Ahead of Palestinians' UN bid, Israel sees risks in East Jerusalem and Gaza
Two variables are causing concern over what may happen when battle at the United Nations reaches its peak: What will happen in East Jerusalem, and what Hamas will do.
The first day of the Palestinian Authority's UN effort went more or less as anticipated. West Bank Palestinians responded rather weakly to the PA's calls for demonstrations to show their support, while at specific points of friction only a few dozen young Palestinians showed up to confront Israel Defense Forces soldiers.
There are still two unknown variables causing concern about what may happen during the next few days, when the battle at the United Nations reaches its peak: What will happen in East Jerusalem (particularly during tomorrow's Friday prayers at the mosques on the Temple Mount), and what Hamas will do. Taken together, they still pose a risk in the near term.
In conversations with their Israeli counterparts yesterday, senior Palestinian security officials stressed that yesterday's rallies of support for the PA did not constitute a general strike and were for a few hours only.
"In all our encounters with them, they've been talking to us straight," a senior IDF officer said yesterday. "They are telling us exactly what they're planning. The message has been clear: 'We're in control of the situation. If the demonstrations slide out of control at the fringes, you Israelis will have to deal with it.'"
Yesterday, at least, this happened only at the Qalandiyah checkpoint, north of Jerusalem, and only in a limited fashion. There was a sharp increase in reports of incidents of rock-throwing at Israeli cars on West Bank roads, but there were no confrontations between Palestinians and settlers. For now the battles are focusing on flags: For every Palestinian flag hung by Palestinians near Hawara, at the southern exit of Nablus, the Samaria Regional Council made sure to hang two Israeli flags.
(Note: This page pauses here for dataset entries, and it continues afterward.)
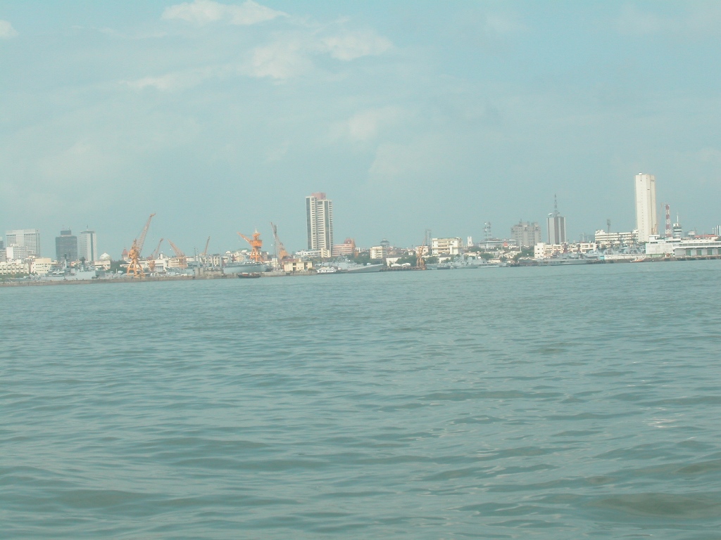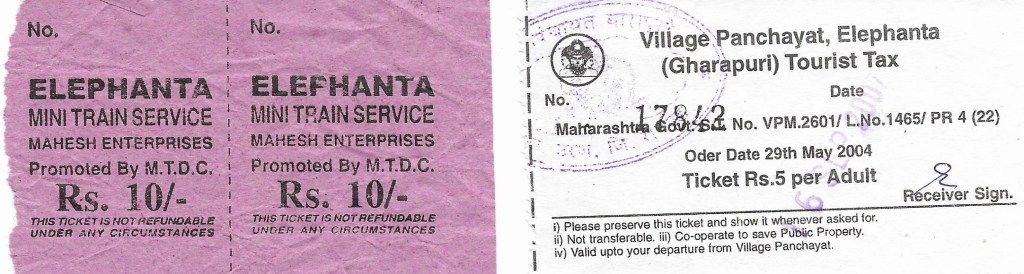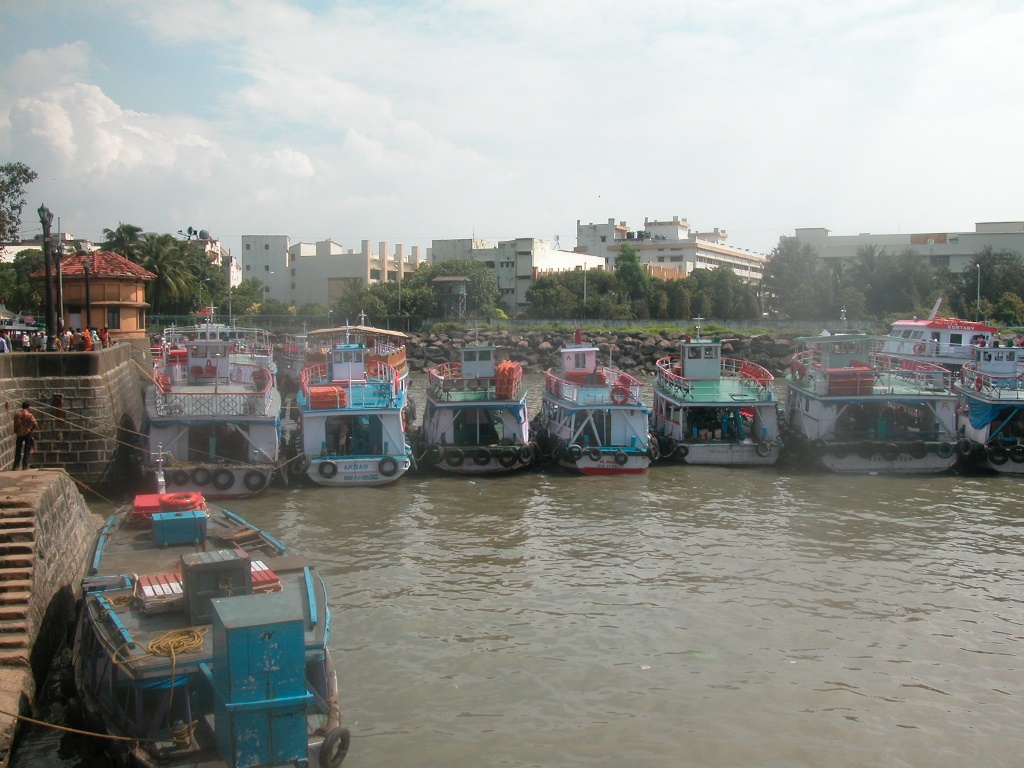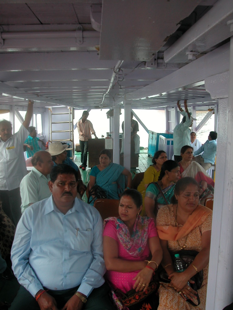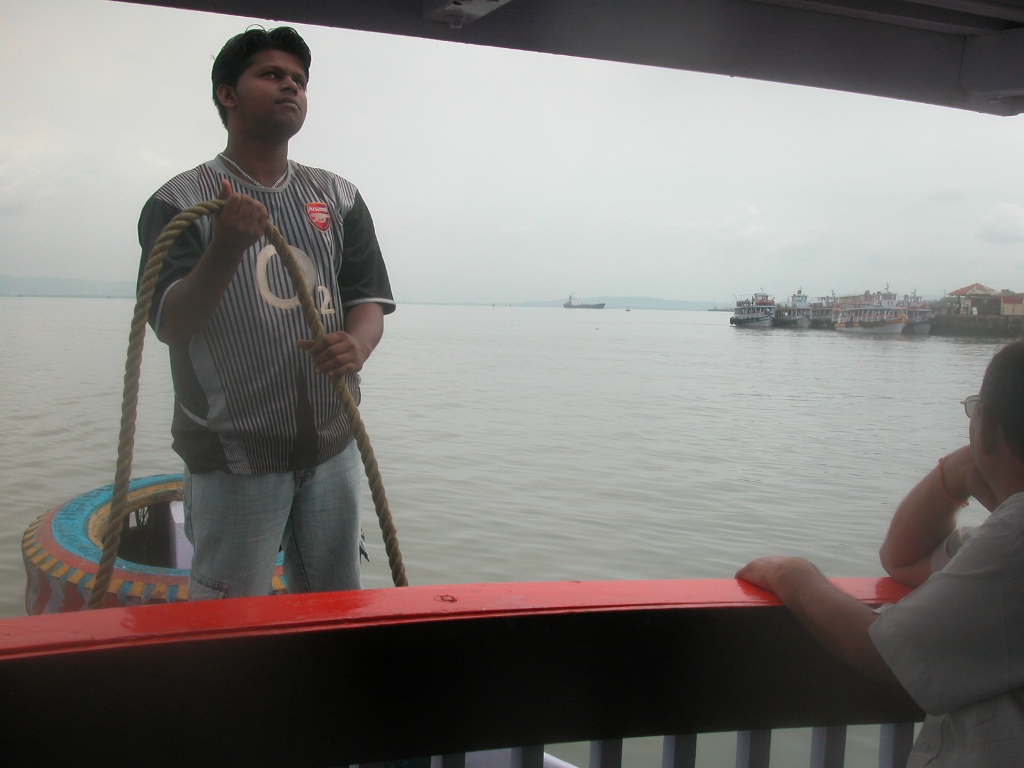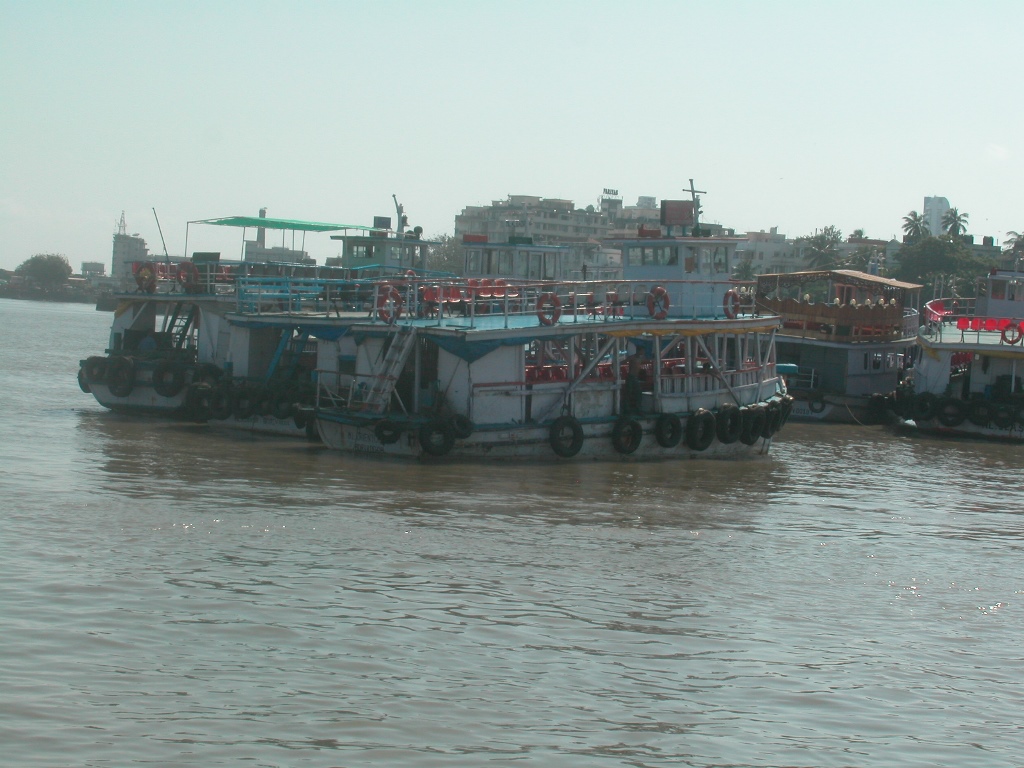 Sofort nach der Ankunft werde ich von „Guides“ überfallen, die mir ihre Dienste anbieten oder den Führer zu weit überhöhten Preisen verkaufen wollen. Sie erklären, dass auf der Insel alles noch teurer ist (was laut Reiseführer nicht stimmt) und man so quasi ohne sie verloren sei. Ich schaffe es trotzdem, sie alle abzuwimmeln und mein Ticket für das Boot zu bekommen. Es wartet schon, direkt unterhalb des „Gateway to India“. Kaltes Wasser in Flaschen gibt’s auch direkt vorm Einsteigen, das ist sicher notwendig. Nachdem ich gerade heute meine Kappe vergessen habe, lasse ich mich zum Kauf eines Hutes überreden, über den ich dann später noch recht froh bin.
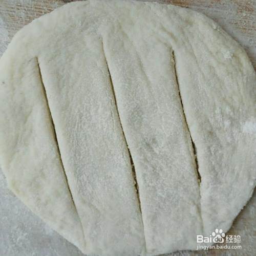 将和好的面团分成若干小剂子,再面板上加少许面粉,用擀面杖擀圆,在面皮上划三个口。
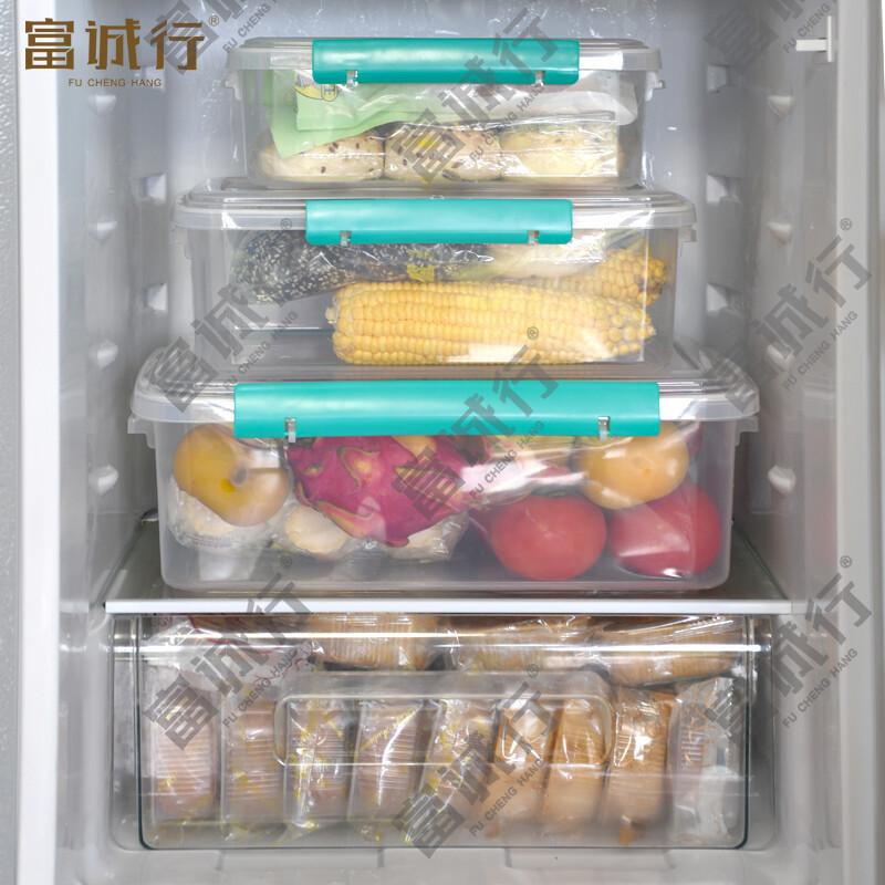 富诚行 塑料保鲜盒 水果便当盒 厨房收纳盒 冰箱冷冻储物盒子 长方形 385*260*140(8.35L) 6个/组

The IDF will continue to monitor what's going on in areas prone to flare-ups such as Hebron, Bethlehem, the Shiloh Valley north of Ramallah and, above all, Jerusalem. Both sides basically understand that right now all incidents are strategic, not tactical. Any local incident, especially a clash between Palestinians and Jewish settlers, has the potential to affect what happens in the UN.
In New York, as of last night the near-certain assessment was that Palestinian President Mahmoud Abbas will ask the Security Council to recognize a Palestinian state rather than settling for the lesser observer status that the General Assembly can grant. This approach turned up the international pressure on Abbas, which is only expected to increase further as the zero hour approached. The Palestinians may be playing for time, if only to ascertain what they might get in return for making concessions.
U.S. President Barack Obama, meanwhile, changed his mind and decided to meet with Abbas, for their first face-to-face talks in months. Their last meeting ended with Abbas refusing Obama's request to drop his UN bid - and then publicly boasting about saying no to Obama. One cannot dismiss the possibility that Obama's pro-Israel speech to the General Assembly last night, which the Netanyahu government was so pleased with, will only harden the Palestinian position.
Like Israel, Hamas is also tensely monitoring the developments. It is sitting on the fence for now, and hasn't called publicly for violence. One major reason for this is that its two new patrons, Turkey and Egypt (as opposed to its veteran sponsors, Iran and Syria ) both support Abbas's move.